The Butts Band came about as a consequence of The Doors trying to find a replacement for Jim Morrison. The remaining Doors were in London in 1973 had auditioned several British singers including Howard Werth (the singer with Audience), Kevin Coyne (from Siren) and Jess Roden (who was the leader of Bronco UK). Howard Werth rehearsed with the band for a week with a view to stepping into Morrison's shoes. Elektra records founder Jac Holzman favoured Werth as he had at one stage foreseen Audience taking over The Doors' spot on Elektra - but Audience had fallen apart and he now saw Howard and The Doors merging as the new Doors. However, Ray Manzarek eventually called it off and went back to Los Angeles, leaving Densmore and Krieger in London. They began looking for a new project, linking up with Roden, Phil Chen and Roy Davies to form the Butts Band.

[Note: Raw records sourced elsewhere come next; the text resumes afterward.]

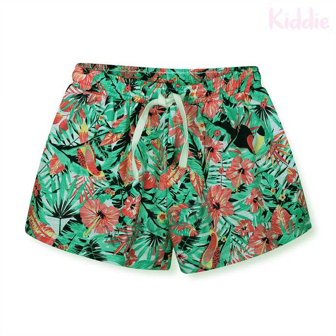 Leafs and Flowers Off Green Shorts 3175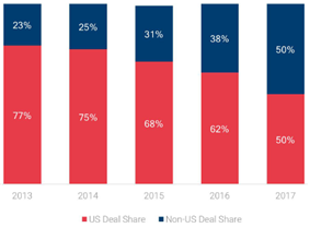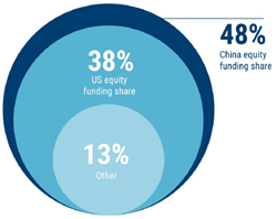 - (개요) CB Insight社는 2018년 산업과 경제를 재구성하고 있는 주요 AI 동향을 미국과 중국의 경쟁, 미래 방위를 위한 AI, 인공지능 비서 Alexa1), 아마존社·구글社·마이크로소프트社의 기업 AI 독점, 화이트칼라 자동화 등을 조사하여 발표함 - (주요내용) 동 발표의 주요내용은 다음과 같음 ∙ 미국은 AI 관련 스타트업 기업수와 총 주식 거래 비중에서 여전히 전세계적으로 우위에 있으나, 점점 그 비중이 낮아지는 추세로 나타남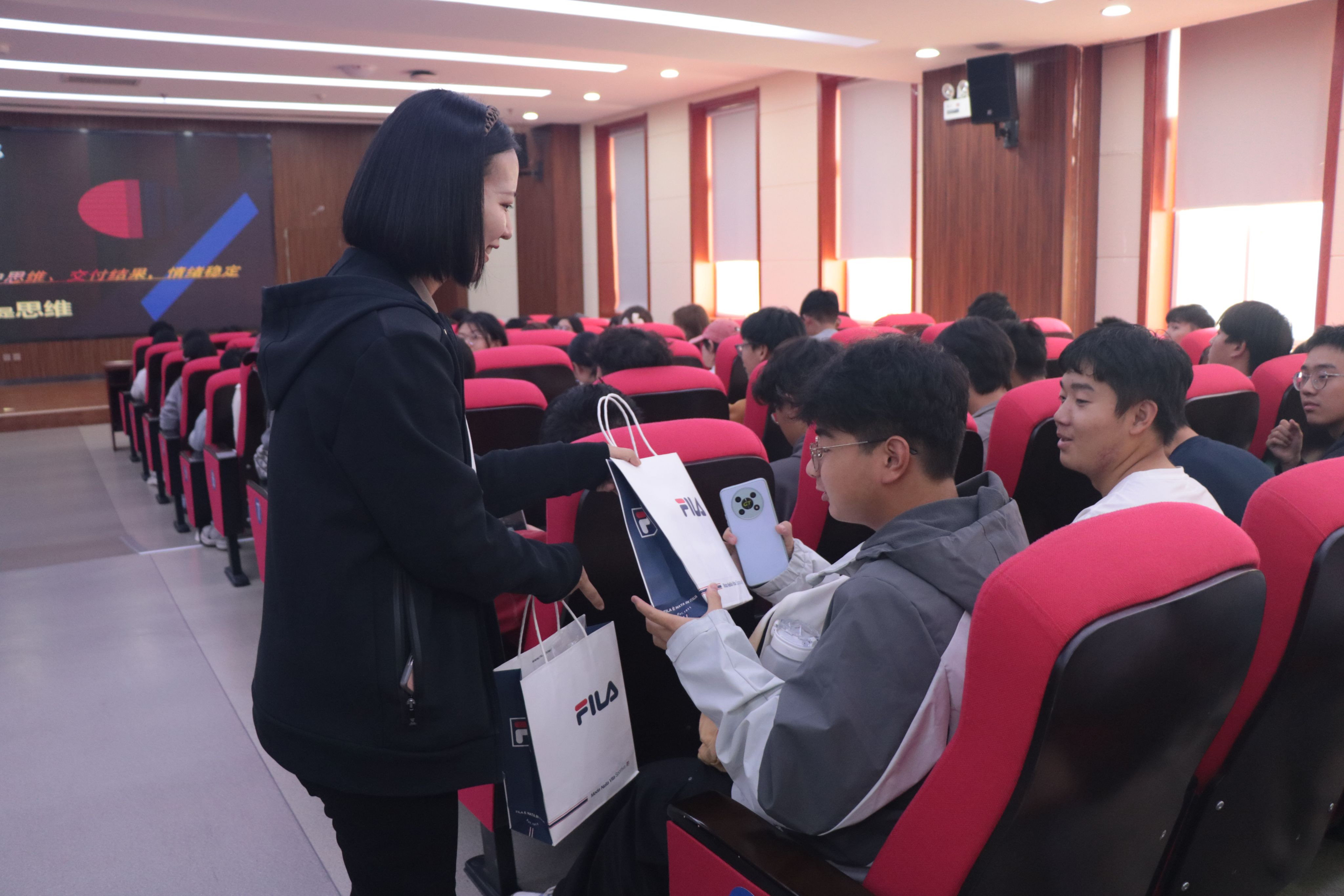 分享会邀请斐乐服饰有限公司西北区人力资源副总监程瑶(2009届物流管理专业员工)分享经验、交流心得。beats365唯一官方网站党总支副书记班奕、2025级辅导员李金泽及公司2025级新生及部分毕业生参会。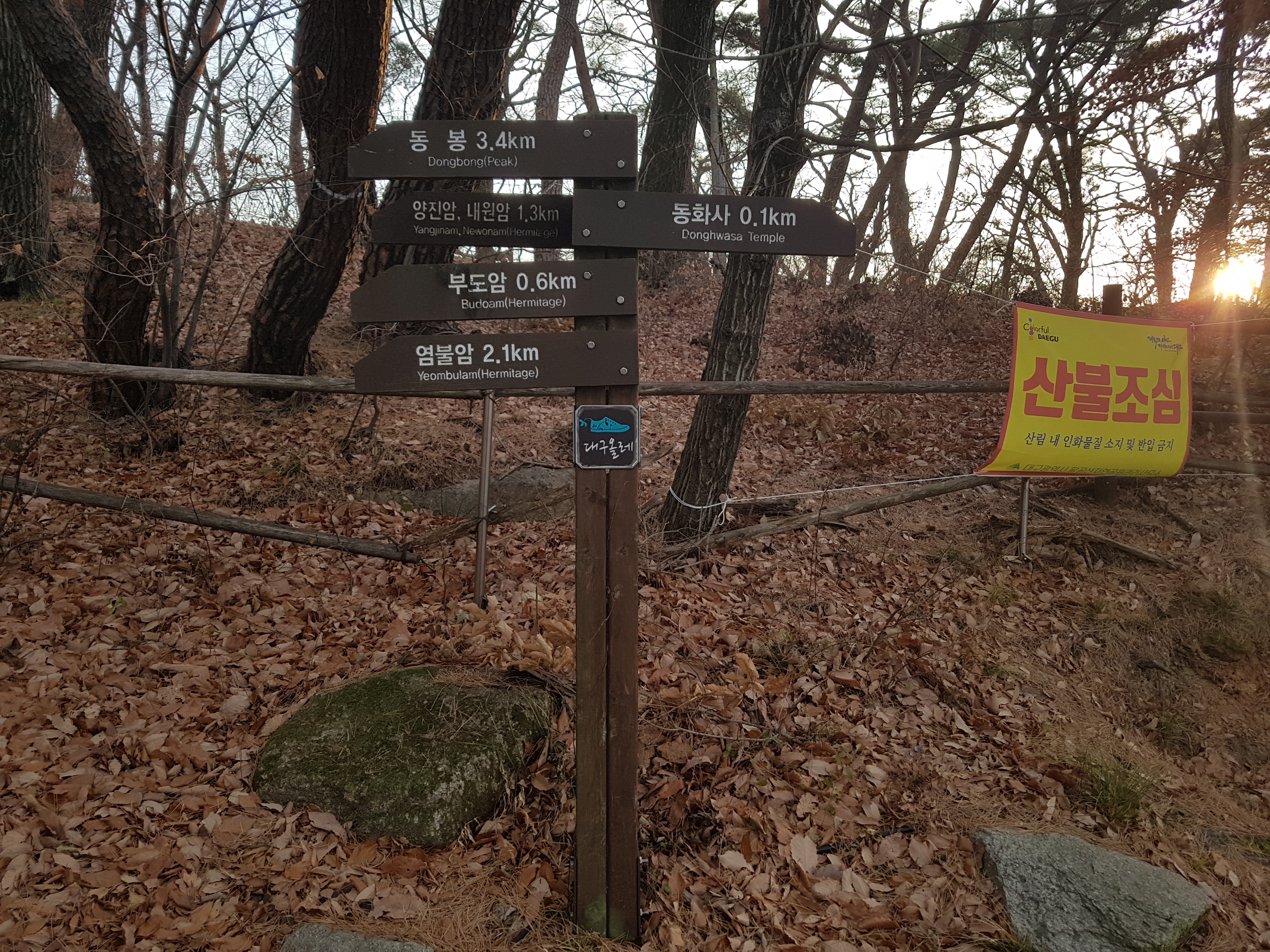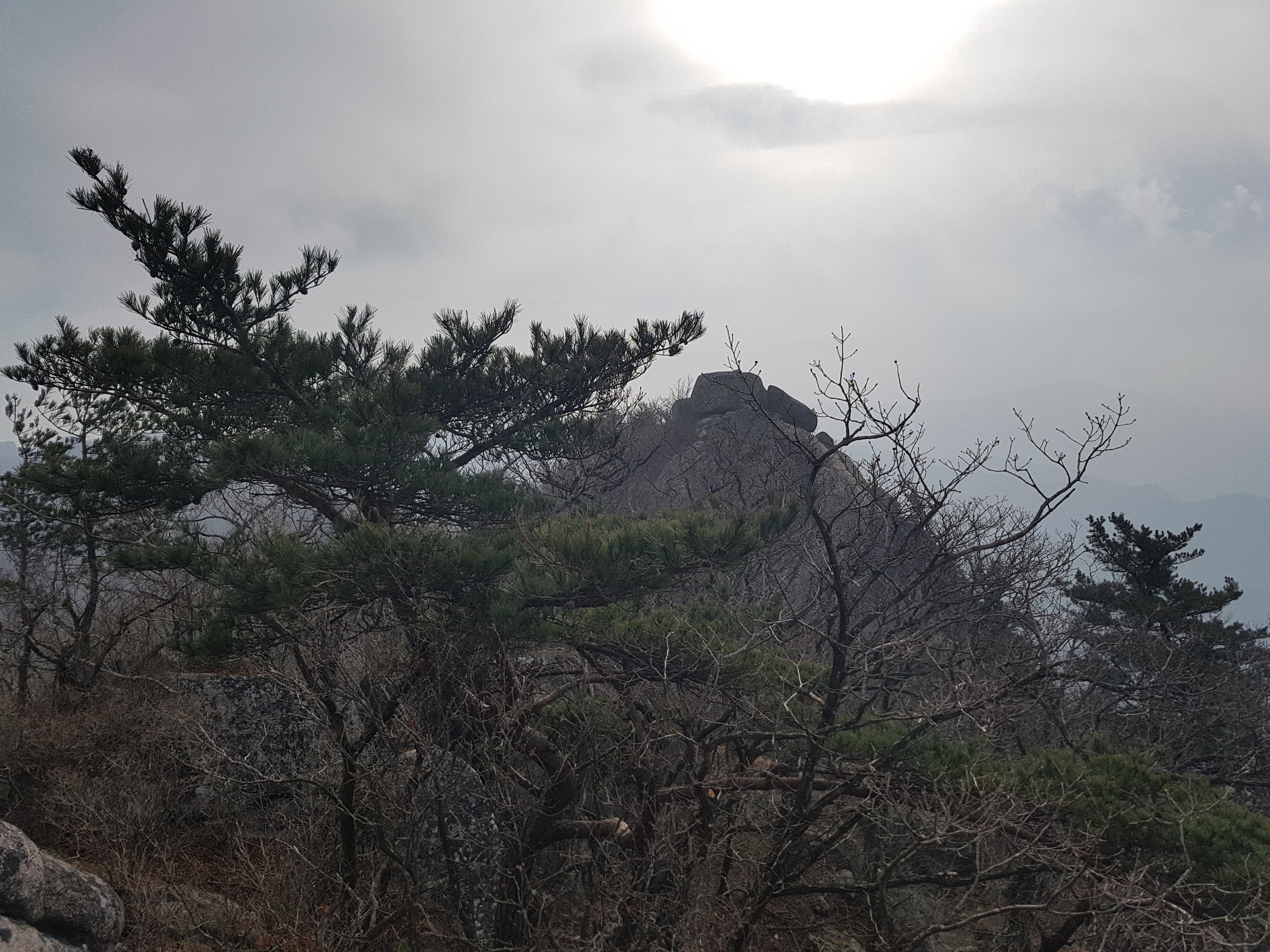 새벽 5시 22분에 집을 출발해서 오전 7시 50분경에 동화사 집단시설지구에 도착하여 동네구경을 한 후 8시 8분에 팔공산 분수대광장에 있는 팔공산 자연공원 안내도에서 오늘 오전에 팔공산을 등산할 등산로를 살펴보고 차를 라데팡스 옆 빈터에 세웠습니다. 등산 준비를 마친 후 배냥을 메고 동화사 출입문을 지나 동화사주차장옆을 지나 동화사를 구경하고 도로 나와서 이정표대로 0.6km 부도암, 1.3km 내원암옆을 지나 양진암옆 골짜기를 타고 능선으로 올라갔습니다. 능선을 올라가다 병풍바위 사이로 올라가 염불봉(1,036.1m)을 지나 미타봉인 동봉(1,170m)에 올랐습니다. 동봉에서 사진을 찍고, 0.2km 가서 삼거리 위로 많은 철탑사이로 올라가니 팔공산 비로봉(1,192m)에 도착(10시 30분)하였습니다. 정상에 구름이 끼고 세찬 바람이 불어서 이슬이 바위에 부딪치면서 눈 온 것같이 하얗게 보였습니다. 정상날씨가 무지 추운데 몸에는 땀이 많이 났다가 식으니깐 몸이 덜덜 떨렸습니다. 정상에서 사진을 찍고 추워서 더 있을 수가 없어서 0.7km 서쪽으로 떨어져 있는 서봉으로 출발하였습니다. 정상밑 삼거리에서 서쪽으로 0.7km가는데 너덜지대와 목재계단,평지를 지나서 11시 6분에 삼성봉인 서봉(1,170m)에 올랐습니다. 서봉에서 여러 사진을 찍고 하산하려고 하는데 서봉으로 올라오는 일행이 있어서 케이블카봉으로 가는 길을 물었더니 온 길로 갔다가 수태골로 내려가는 방향으로 가다가 철답사거리에서 직선길로 가다가 낙타봉을 넘어가면 케이블카봉이 보인다고 했습니다.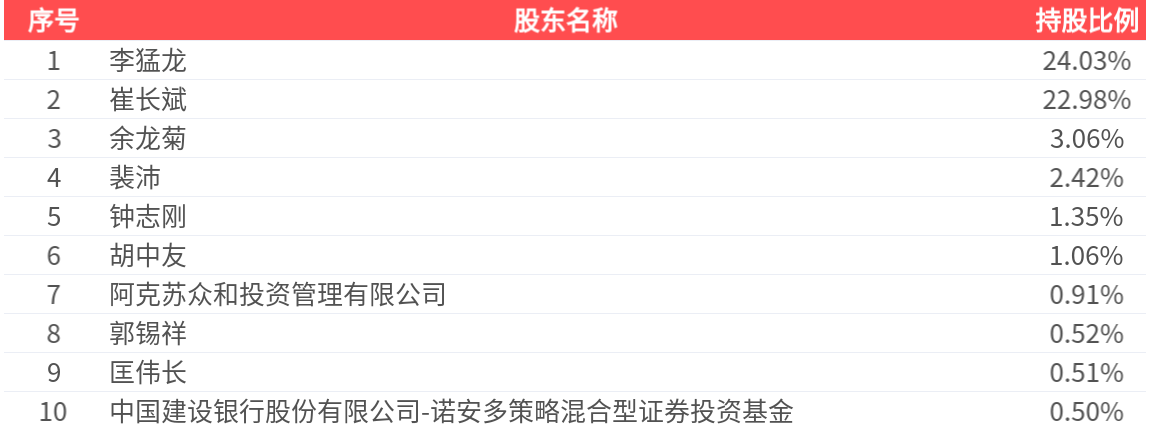 公司股东户数为1.85万户,前十大股东持股数量为2.37亿股,占总股本比例为57.34%,前十大股东持股情况如下: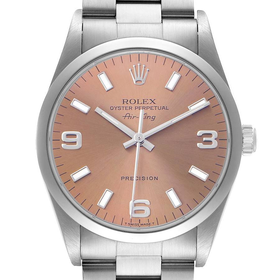 Rolex Air King Steel Salmon Dial Smooth Bezel Mens Watch 14000. Automatic self-winding movement. Stainless steel oyster case 34.0 mm in diameter. Rolex logo on the crown. Stainless steel smooth bezel. Scratch resistant sapphire crystal. Salmon dial with luminescent baton hour markers and hands. Raised Arabic numerals at 3, 6, and 9 o'clock. Stainless steel oyster bracelet with a fold-over clasp. Fits a 7 1/4" wrist.
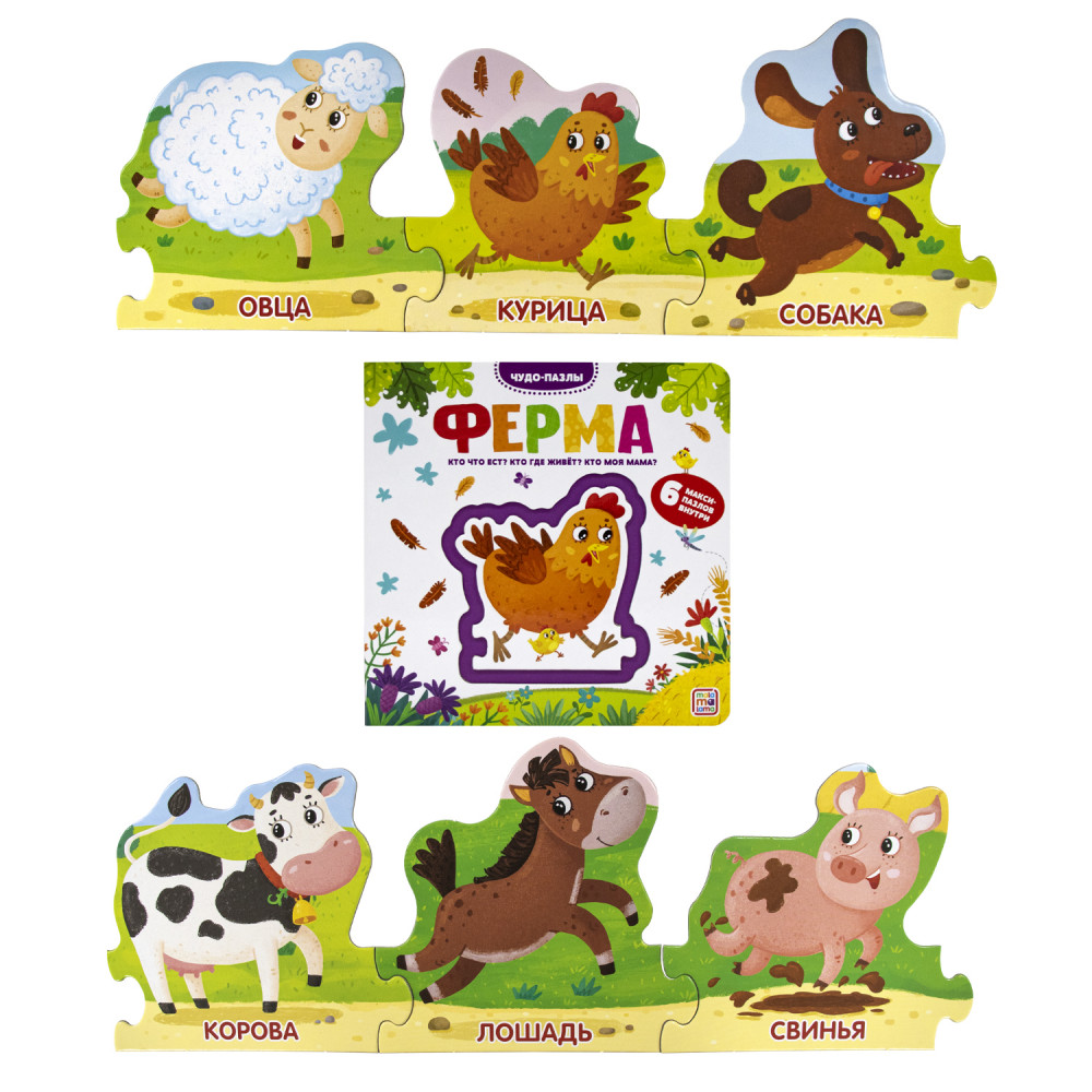 "Чудо-пазлы. Ферма" — это занимательная книжка с пазлами, на 12 страницах которой находятся весёлые стихи и 6 крупных пазлов. Ребёнок сможет легко извлечь такие пазлы, соединить их между собой и собрать "паровозик", перемещая фигурки по своему усмотрению.  Яркая и контрастная печать делает картинки максимально насыщенными. Страницы изготовлены из качественного и плотного картона. Размер книги — 160*160 мм.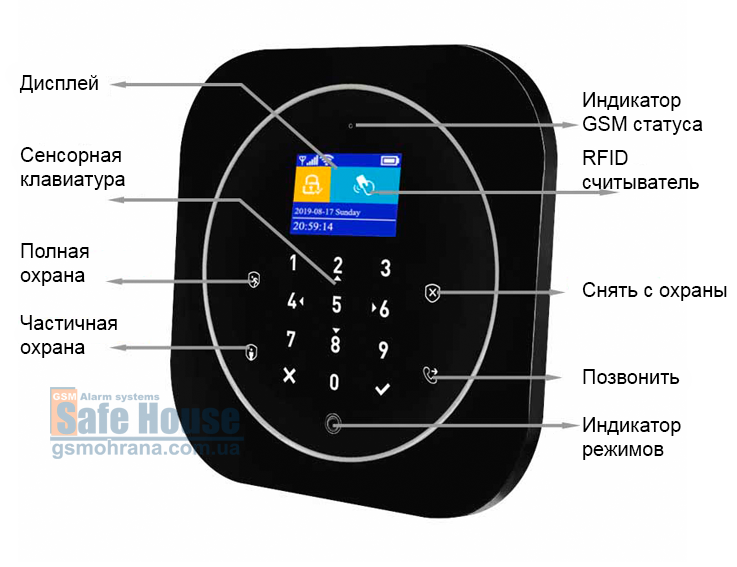 Хост системы SH-012GW имеет встроенный микрофон, который используется для прослушивания охраняемого помещения и динамик для возможности двухсторонней телефонной связи. Хост SH-012GW оборудован сенсорной клавиатурой, которая имеет отдельные кнопки включения и отключения режима охраны и кнопку частичной охраны. Клавиатуру можно заблокировать персональным PIN-кодом для исключения несанкционированного управления системой посторонними людьми. При вводе пять раз подряд неправильного пароля клавиатура блокируется на полторы минуты.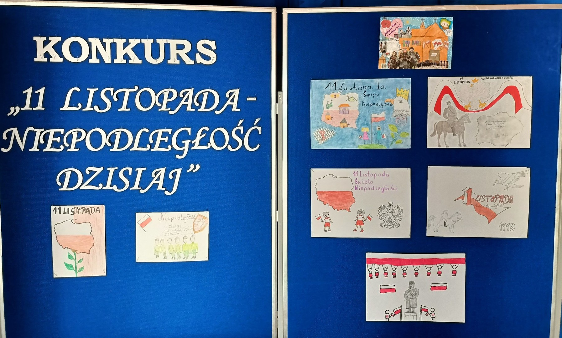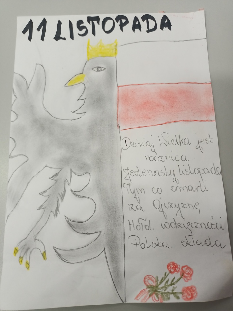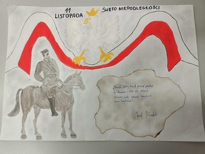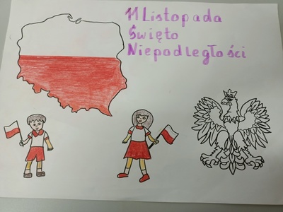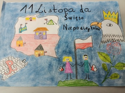 Z okazji 104. rocznicy odzyskania przez Polskę niepodległości w naszej szkole został przeprowadzony konkurs plastyczny „11 listopada – niepodległość dzisiaj”.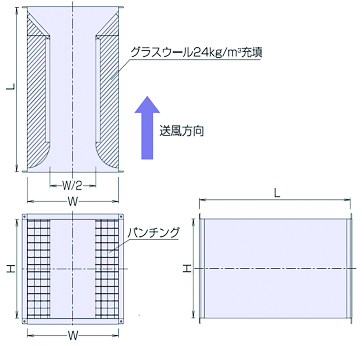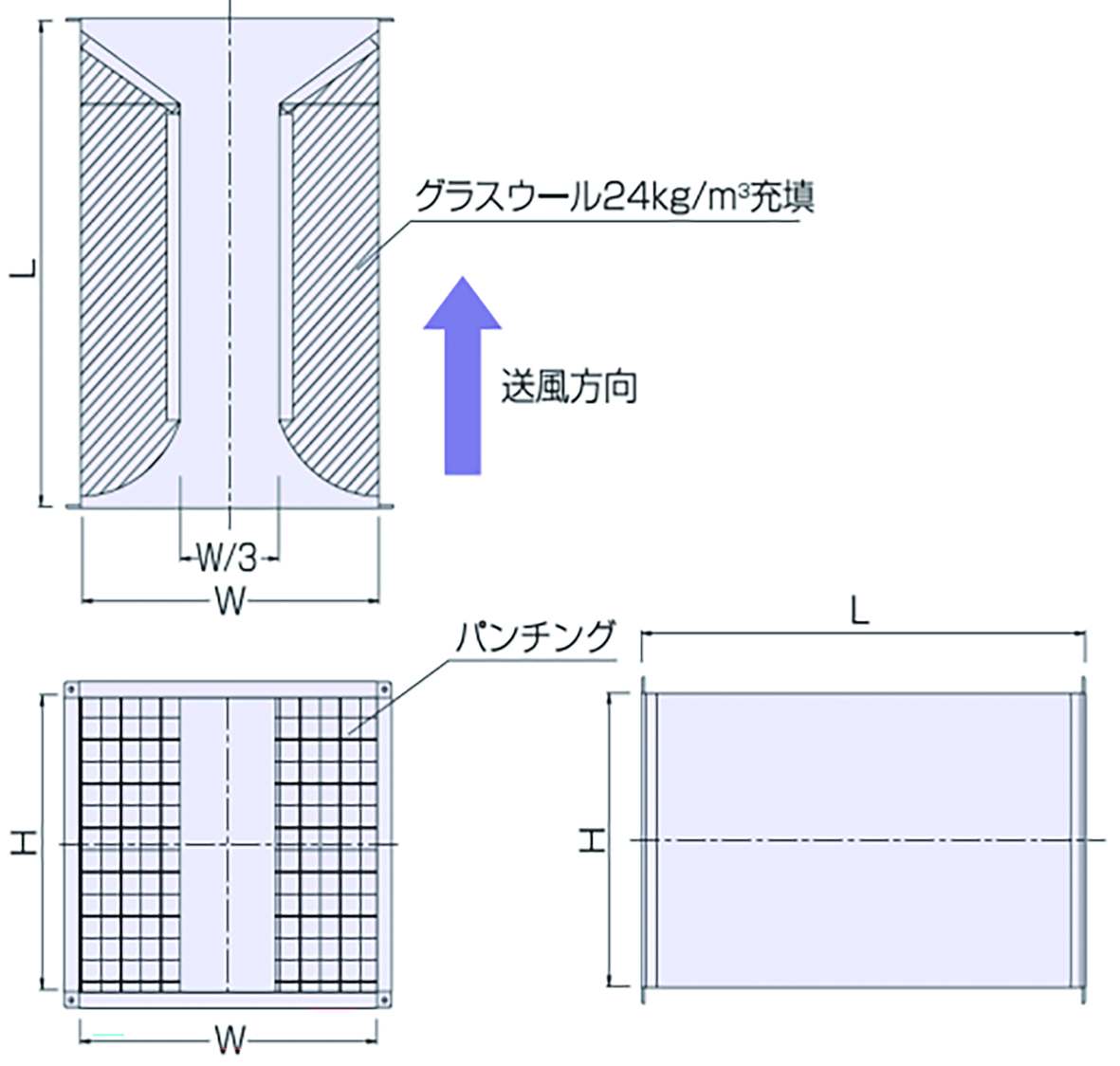 高減衰タイプ 高い減音量を得る事が出来ます。 消音エルボの削減が可能です。 ダクト寸法に合わせた製作が可能です。 低圧力損失タイプ 低圧力損失タイプで減音効果を得る事が出来ます。 狭い場所にも設置可能です。

In an early interview in Melody Maker or NME Krieger explained the origin of the name: "'Butts Band' equalled a bunch of losers desperate for a gig, hence the tattered speaker on the front cover."
Their debut, the self titled album The Butts Band was released in 1974. After the pressure of two members living in California and 3 in London lead the band to split (following a low key tour and the odd TV appearance), Kreiger and Densmore recruited a second cast of musicians to produce a second album, titled Hear and Now in 1975.